Ellery spent the rest of that momentous day draped in his favorite dressing-gown, a fetid garment redolent of old nicotine and haphazardly studded with tiny brown-edged holes, the visible signs of thousands of long-perished cigaret sparks. He lounged on the nape of his neck before a fire in the living-room, his toes toasting cosily, eying the ceiling with bright distant eyes and automatically flinging cigaret-butts into the flames as they burned down to his fingertips. There was no pose in this; for one thing, there was no one to pose for, since the Inspector was sulkily occupied with another case at Headquarters and Djuna was seated somewhere in the musty darkness of a motion picture theatre following the hectic fortunes of one of his innumerable bowlegged heroes. For another, Ellery was not thinking of himself.
It was curious, for instance, that occasionally he screwed his eyes downward a little to study the long crossed swords hanging above the fireplace
. They were aged relics of his father's past—a gift to the Inspector from a German friend harking back to student days in Heidelberg. Certainly they could have no connection with the case in hand. And yet he studied them long and earnestly; although it is to be confessed that to his transfiguring eyes they assumed the menacing shape of Impi spears, broad-bladed and wicked.
Then the period of inspection passed, and he snuggled deeper into the chair and gave himself up wholly to disembodied thought.
At four in the afternoon he sighed, roused himself, creaked out of the chair, flung another cigaret into the fire, and went to the telephone.
"Dad?" he croaked when Inspector Queen answered. "Ellery. I want you to do something for me."
"Where are you?" snapped the Inspector.
"Home. I—"
"What the devil are you doing?"
"Thinking. Look here—"
"About what? I thought you'd settled the whole business in your mind." The Inspector sounded faintly bitter.
"Now, now,", said Ellery in a weary voice, "don't be that way. I didn't mean to offend you, you sensitive old coot. I really have been working. Anything new, by the way?"
"Not a blessed thing. Well, what is it? I'm busy.
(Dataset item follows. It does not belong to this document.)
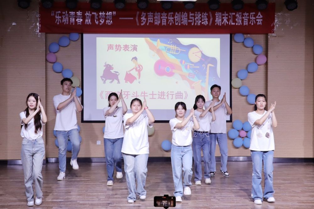 為培養(yǎng)具有理想信念、優(yōu)良職業(yè)素養(yǎng)的高層次應(yīng)用型音樂專門人才,提升研究生培養(yǎng)質(zhì)量,7月1日“樂動青春·放飛夢想”音樂學(xué)院成功舉辦藝術(shù)碩士音樂教育方向《多聲部音樂創(chuàng)編與排練》暨《綜合即興編創(chuàng)》協(xié)作類核心課程期末匯報音樂會。音樂學(xué)院副院長王建成,研究生院副院長仲倩,音樂學(xué)院副書記、副院長董曉寧,部分教師、研究生導(dǎo)師、全體研究生參加本次音樂會。
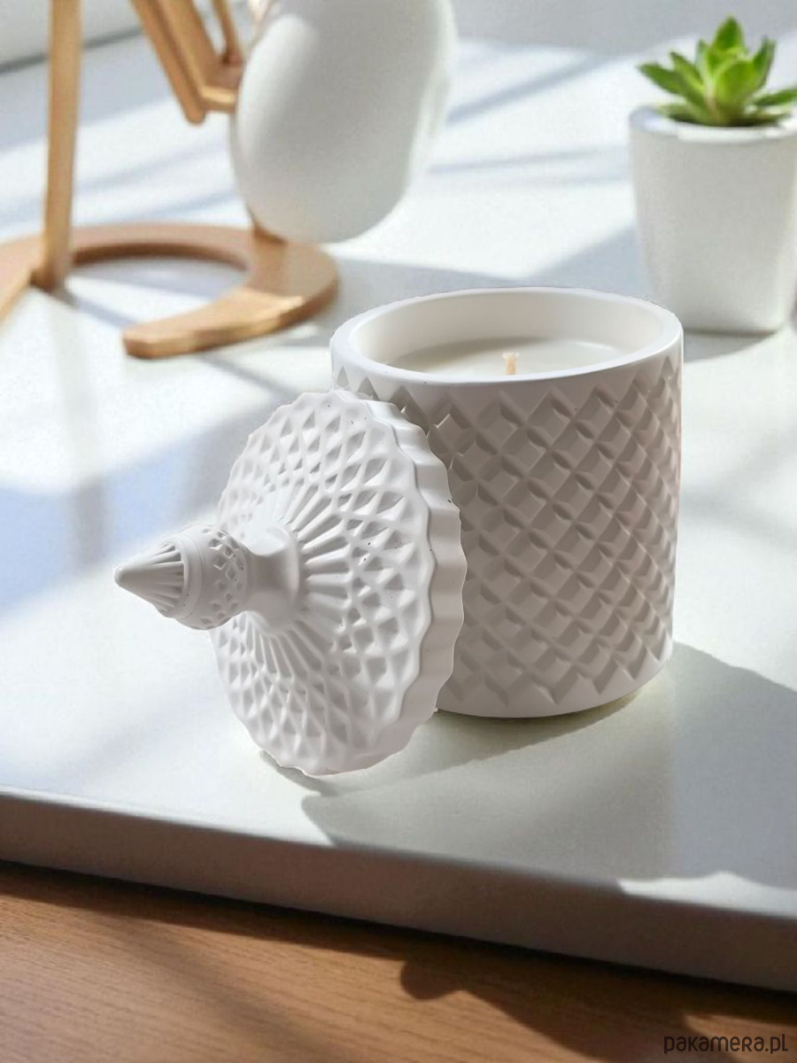 Świeca sojowa w pojemniku gipsowym SIMPLE WHITE, inspirowana la vie est belle

Some tramp was shot up on Forty-fifth Street and I've got my hands full."
Ellery gazed dreamily at the wall above the fireplace. "Have you any connections with some reliable theatrical costumer who can be trusted to do a confidential job and keep his mouth shut?"
"Costum—! What's up now, for cripe's sake?"
"An experiment in the interests of justice. Well, have you?"
"I suppose I can rustle one," grumbled the Inspector. "You and your experiments! Johnny Rosenzweig over on Forty-ninth once did a job for me. I guess you can rely on him. What's the dope?"
"I want a dummy."
"A what?"
"A dummy. Not the human kind," chuckled Ellery. "A stuffed shirt, inarticulate, will do. Here, I'm confusing you. Get this Rosenzweig friend of yours to make up a dummy of the same general size and height as the murdered man."